Directions: Reproduce exactly the lines of this material that begin at the line with "입구 아래 주차장부터" and end at the line with "Eko Limited is", both included. Omit the pictures and everything else.

┌─ Data

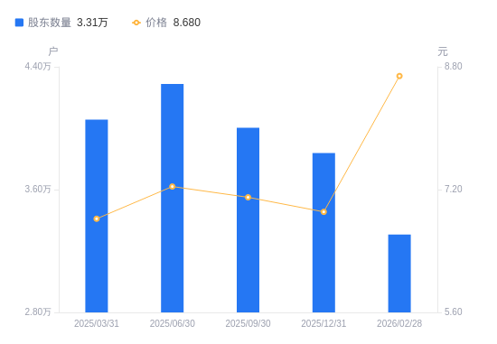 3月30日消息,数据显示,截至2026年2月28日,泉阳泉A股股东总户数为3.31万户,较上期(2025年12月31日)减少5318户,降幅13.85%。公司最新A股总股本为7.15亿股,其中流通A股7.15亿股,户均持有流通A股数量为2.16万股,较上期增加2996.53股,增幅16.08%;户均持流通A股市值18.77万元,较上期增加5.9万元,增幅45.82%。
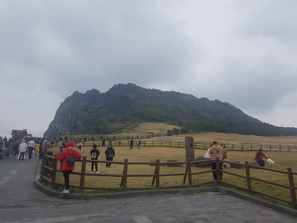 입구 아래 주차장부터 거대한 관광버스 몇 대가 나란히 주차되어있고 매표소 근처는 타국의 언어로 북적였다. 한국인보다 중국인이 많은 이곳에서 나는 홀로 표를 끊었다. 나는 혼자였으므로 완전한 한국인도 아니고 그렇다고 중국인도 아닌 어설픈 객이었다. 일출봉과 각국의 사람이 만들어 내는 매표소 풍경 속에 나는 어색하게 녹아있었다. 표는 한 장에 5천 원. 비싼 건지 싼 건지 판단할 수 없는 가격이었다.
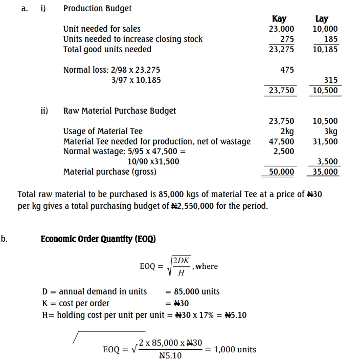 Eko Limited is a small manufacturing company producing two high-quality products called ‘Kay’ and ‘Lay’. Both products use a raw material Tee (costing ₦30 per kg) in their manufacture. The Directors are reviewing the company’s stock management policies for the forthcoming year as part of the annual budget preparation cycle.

└─
┌─ Data

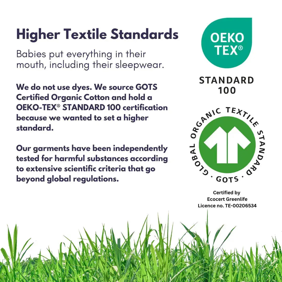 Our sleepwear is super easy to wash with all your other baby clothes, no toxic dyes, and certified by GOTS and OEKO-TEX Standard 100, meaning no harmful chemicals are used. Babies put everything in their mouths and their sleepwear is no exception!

└─

The answer:
 입구 아래 주차장부터 거대한 관광버스 몇 대가 나란히 주차되어있고 매표소 근처는 타국의 언어로 북적였다. 한국인보다 중국인이 많은 이곳에서 나는 홀로 표를 끊었다. 나는 혼자였으므로 완전한 한국인도 아니고 그렇다고 중국인도 아닌 어설픈 객이었다. 일출봉과 각국의 사람이 만들어 내는 매표소 풍경 속에 나는 어색하게 녹아있었다. 표는 한 장에 5천 원. 비싼 건지 싼 건지 판단할 수 없는 가격이었다.
 Eko Limited is a small manufacturing company producing two high-quality products called ‘Kay’ and ‘Lay’. Both products use a raw material Tee (costing ₦30 per kg) in their manufacture. The Directors are reviewing the company’s stock management policies for the forthcoming year as part of the annual budget preparation cycle.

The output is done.